Problem: A copy of the listing below is needed, exact in every line and without images.

The data:

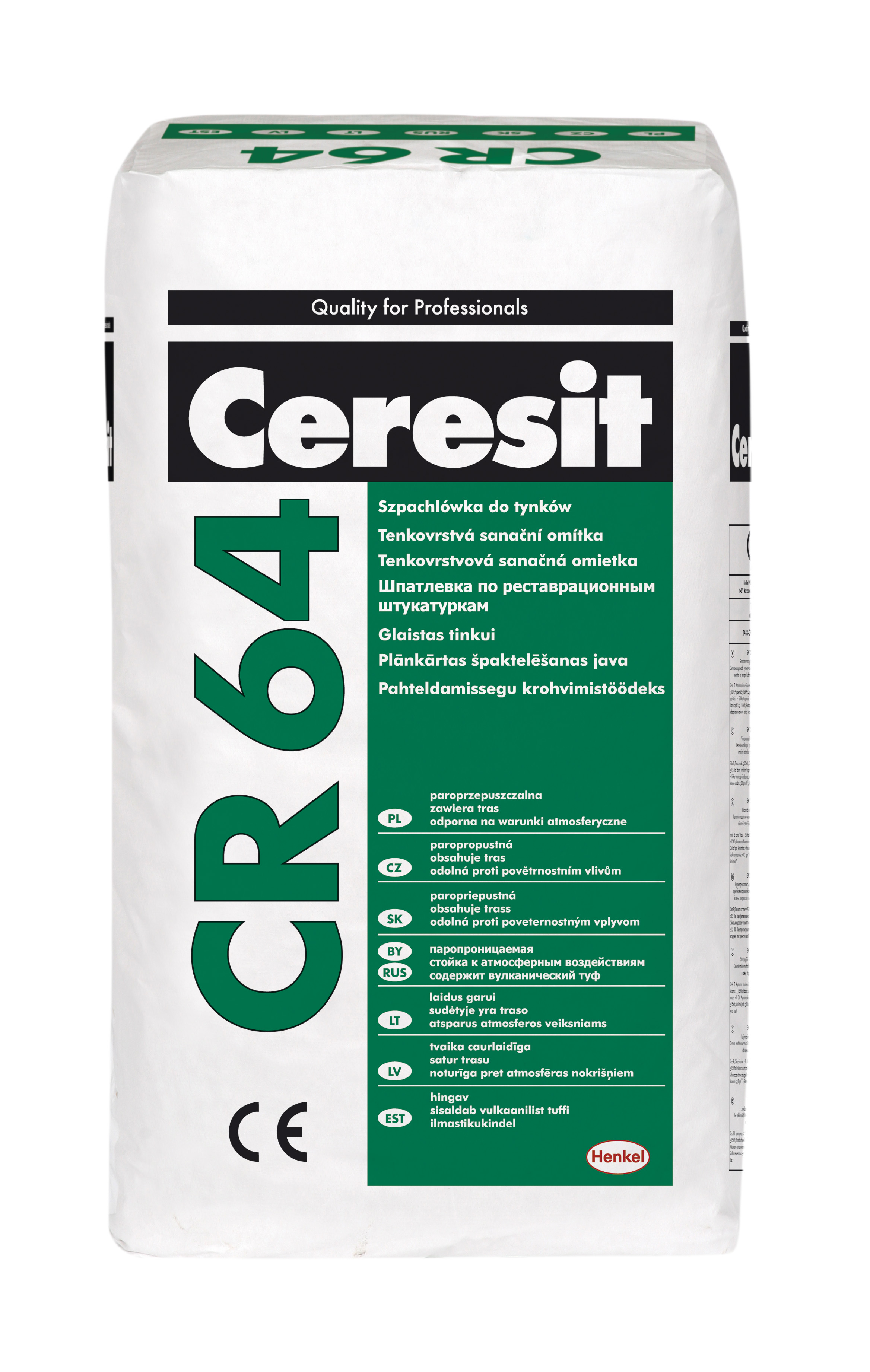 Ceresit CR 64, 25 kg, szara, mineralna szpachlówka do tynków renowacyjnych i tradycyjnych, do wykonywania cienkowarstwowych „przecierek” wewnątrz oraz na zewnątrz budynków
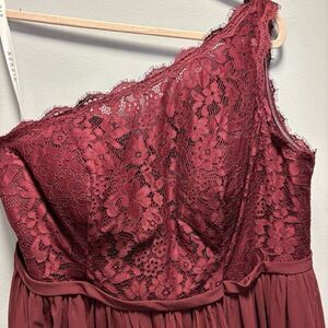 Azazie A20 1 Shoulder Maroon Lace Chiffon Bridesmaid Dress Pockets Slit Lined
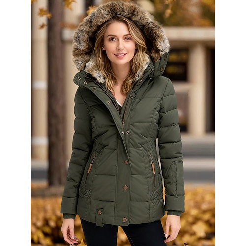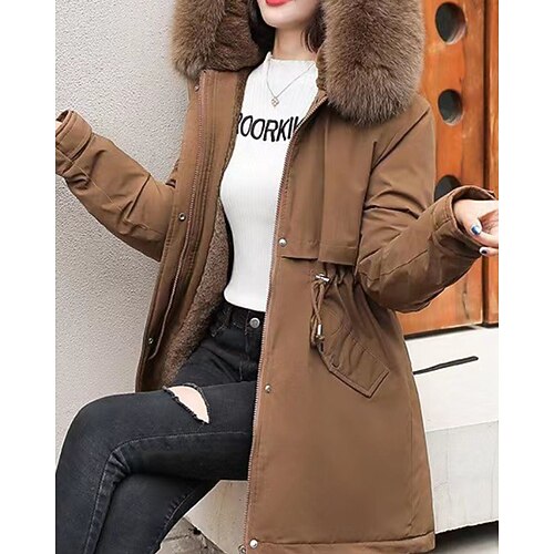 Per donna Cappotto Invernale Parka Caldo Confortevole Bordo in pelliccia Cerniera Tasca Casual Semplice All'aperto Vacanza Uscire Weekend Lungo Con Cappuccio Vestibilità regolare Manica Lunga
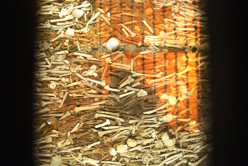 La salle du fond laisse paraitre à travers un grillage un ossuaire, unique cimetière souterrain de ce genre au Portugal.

Solution to this task:
 Ceresit CR 64, 25 kg, szara, mineralna szpachlówka do tynków renowacyjnych i tradycyjnych, do wykonywania cienkowarstwowych „przecierek” wewnątrz oraz na zewnątrz budynków
 Azazie A20 1 Shoulder Maroon Lace Chiffon Bridesmaid Dress Pockets Slit Lined
 Per donna Cappotto Invernale Parka Caldo Confortevole Bordo in pelliccia Cerniera Tasca Casual Semplice All'aperto Vacanza Uscire Weekend Lungo Con Cappuccio Vestibilità regolare Manica Lunga
 La salle du fond laisse paraitre à travers un grillage un ossuaire, unique cimetière souterrain de ce genre au Portugal.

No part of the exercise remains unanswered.